» Assignment: Using the records below, give again exactly the lines from the line that contains "These two white" through the line that contains "건더기도 나름 충실하게(?)", both ends included, and only those.

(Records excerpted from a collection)
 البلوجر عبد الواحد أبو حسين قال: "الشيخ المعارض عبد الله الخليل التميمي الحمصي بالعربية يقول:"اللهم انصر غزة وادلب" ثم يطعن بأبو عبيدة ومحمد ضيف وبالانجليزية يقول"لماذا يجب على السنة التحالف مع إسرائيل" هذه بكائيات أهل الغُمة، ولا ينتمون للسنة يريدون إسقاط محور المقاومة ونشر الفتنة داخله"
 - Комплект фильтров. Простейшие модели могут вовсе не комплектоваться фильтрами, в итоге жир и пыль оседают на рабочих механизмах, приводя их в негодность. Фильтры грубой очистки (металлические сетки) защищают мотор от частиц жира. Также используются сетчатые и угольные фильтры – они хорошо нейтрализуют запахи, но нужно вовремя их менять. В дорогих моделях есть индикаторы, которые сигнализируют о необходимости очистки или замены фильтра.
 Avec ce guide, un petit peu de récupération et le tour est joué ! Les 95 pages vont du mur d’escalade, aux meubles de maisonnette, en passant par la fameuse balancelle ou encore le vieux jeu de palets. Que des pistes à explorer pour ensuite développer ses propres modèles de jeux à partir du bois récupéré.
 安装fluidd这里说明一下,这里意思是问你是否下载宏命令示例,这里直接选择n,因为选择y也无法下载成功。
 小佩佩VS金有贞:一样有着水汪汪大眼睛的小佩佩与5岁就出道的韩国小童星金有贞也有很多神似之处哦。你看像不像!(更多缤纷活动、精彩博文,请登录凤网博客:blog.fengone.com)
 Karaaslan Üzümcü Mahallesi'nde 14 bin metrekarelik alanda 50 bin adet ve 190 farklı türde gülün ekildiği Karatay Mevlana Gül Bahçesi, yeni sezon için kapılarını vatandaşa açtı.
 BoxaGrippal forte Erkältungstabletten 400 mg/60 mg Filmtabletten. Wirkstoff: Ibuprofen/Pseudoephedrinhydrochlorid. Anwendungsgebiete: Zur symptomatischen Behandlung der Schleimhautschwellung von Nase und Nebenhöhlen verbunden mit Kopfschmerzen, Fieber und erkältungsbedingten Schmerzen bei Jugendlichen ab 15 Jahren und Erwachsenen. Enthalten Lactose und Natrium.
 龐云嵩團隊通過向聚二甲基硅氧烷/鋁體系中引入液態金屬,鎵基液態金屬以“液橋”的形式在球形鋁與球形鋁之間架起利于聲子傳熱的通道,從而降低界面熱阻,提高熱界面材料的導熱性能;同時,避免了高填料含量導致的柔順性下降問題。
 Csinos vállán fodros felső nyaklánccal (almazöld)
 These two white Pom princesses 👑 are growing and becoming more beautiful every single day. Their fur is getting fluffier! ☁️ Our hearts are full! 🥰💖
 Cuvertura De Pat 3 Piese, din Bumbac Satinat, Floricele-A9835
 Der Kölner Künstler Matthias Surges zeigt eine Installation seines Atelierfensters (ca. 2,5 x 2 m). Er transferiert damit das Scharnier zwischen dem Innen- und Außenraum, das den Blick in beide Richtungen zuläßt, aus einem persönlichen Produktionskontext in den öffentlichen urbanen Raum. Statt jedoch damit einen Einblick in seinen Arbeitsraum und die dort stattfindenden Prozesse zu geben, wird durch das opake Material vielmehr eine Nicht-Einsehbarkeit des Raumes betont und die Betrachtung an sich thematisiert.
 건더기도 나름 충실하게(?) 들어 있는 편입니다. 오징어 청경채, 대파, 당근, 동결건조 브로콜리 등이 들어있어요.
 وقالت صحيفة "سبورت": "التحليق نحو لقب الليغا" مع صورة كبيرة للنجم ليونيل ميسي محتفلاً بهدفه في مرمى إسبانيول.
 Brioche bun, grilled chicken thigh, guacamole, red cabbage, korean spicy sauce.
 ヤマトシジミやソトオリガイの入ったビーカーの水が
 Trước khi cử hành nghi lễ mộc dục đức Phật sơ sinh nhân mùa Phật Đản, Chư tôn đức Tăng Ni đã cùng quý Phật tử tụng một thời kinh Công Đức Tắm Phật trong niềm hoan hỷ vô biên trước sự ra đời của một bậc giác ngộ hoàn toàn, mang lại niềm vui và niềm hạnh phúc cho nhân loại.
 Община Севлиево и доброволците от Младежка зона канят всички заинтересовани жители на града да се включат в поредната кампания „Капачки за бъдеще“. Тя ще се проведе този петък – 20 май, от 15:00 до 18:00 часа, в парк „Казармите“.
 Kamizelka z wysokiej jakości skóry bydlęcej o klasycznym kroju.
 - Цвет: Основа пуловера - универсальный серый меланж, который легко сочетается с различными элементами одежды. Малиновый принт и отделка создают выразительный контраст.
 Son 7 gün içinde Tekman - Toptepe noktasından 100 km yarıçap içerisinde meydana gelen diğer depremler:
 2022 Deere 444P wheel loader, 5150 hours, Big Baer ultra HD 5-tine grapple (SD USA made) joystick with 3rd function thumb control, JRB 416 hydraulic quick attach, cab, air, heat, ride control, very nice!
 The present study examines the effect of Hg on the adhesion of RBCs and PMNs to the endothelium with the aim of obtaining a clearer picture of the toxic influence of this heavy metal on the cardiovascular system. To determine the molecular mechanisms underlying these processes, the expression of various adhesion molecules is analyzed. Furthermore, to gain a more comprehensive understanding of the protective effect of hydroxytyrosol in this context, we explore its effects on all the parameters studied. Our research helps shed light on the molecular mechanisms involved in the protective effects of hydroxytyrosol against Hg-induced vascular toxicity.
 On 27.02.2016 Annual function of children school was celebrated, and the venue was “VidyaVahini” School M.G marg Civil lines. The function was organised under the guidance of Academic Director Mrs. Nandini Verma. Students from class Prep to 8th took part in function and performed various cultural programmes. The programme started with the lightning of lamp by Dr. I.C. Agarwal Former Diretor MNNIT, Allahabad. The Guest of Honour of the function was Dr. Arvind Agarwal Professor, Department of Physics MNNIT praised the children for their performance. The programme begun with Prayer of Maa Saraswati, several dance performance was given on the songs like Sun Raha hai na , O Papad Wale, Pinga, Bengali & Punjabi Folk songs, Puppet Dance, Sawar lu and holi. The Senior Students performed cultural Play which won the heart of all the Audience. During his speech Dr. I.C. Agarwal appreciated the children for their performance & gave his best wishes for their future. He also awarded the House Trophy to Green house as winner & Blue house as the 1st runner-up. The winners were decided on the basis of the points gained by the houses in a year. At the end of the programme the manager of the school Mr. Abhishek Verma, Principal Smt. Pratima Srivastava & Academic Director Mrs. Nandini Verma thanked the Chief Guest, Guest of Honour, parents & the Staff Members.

» Solution for this task:
 These two white Pom princesses 👑 are growing and becoming more beautiful every single day. Their fur is getting fluffier! ☁️ Our hearts are full! 🥰💖
 Cuvertura De Pat 3 Piese, din Bumbac Satinat, Floricele-A9835
 Der Kölner Künstler Matthias Surges zeigt eine Installation seines Atelierfensters (ca. 2,5 x 2 m). Er transferiert damit das Scharnier zwischen dem Innen- und Außenraum, das den Blick in beide Richtungen zuläßt, aus einem persönlichen Produktionskontext in den öffentlichen urbanen Raum. Statt jedoch damit einen Einblick in seinen Arbeitsraum und die dort stattfindenden Prozesse zu geben, wird durch das opake Material vielmehr eine Nicht-Einsehbarkeit des Raumes betont und die Betrachtung an sich thematisiert.
 건더기도 나름 충실하게(?) 들어 있는 편입니다. 오징어 청경채, 대파, 당근, 동결건조 브로콜리 등이 들어있어요.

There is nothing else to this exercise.